Data below:
____

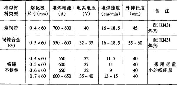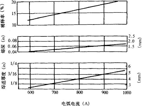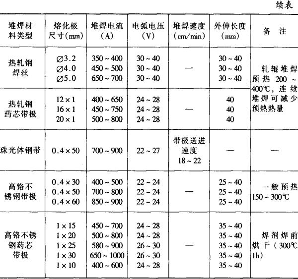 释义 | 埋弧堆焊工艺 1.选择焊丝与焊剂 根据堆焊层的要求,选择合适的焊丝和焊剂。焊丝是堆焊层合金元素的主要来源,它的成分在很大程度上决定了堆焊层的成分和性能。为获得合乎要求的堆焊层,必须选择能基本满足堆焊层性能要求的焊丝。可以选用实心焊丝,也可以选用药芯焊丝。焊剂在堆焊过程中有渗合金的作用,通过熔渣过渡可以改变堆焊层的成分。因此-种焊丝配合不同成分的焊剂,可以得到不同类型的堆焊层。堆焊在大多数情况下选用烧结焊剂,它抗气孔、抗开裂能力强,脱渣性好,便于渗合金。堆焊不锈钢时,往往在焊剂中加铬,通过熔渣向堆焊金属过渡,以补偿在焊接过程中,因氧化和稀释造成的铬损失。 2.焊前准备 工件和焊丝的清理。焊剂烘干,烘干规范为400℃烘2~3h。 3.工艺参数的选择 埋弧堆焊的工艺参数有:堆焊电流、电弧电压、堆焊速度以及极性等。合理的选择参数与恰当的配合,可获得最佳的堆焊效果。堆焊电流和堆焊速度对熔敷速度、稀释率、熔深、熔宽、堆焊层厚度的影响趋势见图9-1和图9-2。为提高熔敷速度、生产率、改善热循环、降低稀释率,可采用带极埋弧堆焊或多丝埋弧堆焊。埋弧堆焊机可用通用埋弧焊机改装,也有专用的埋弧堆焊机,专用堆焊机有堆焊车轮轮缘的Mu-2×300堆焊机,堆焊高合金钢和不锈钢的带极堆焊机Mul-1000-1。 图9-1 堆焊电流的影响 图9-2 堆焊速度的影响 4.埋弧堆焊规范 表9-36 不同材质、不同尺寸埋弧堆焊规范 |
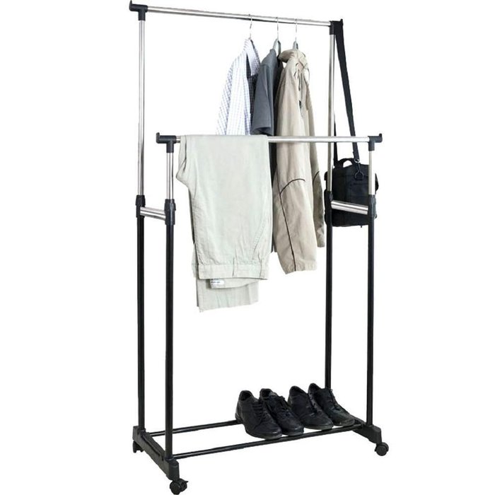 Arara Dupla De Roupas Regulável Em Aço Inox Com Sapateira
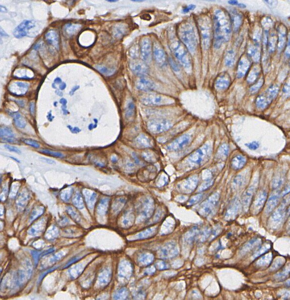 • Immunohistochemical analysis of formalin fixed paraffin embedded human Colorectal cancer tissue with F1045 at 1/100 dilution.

____

Work task: Every line between the one containing "Arara Dupla De" and the last line of the data above, both included, should be copied exactly, but not the pictures.

Task output:
 Arara Dupla De Roupas Regulável Em Aço Inox Com Sapateira
 • Immunohistochemical analysis of formalin fixed paraffin embedded human Colorectal cancer tissue with F1045 at 1/100 dilution.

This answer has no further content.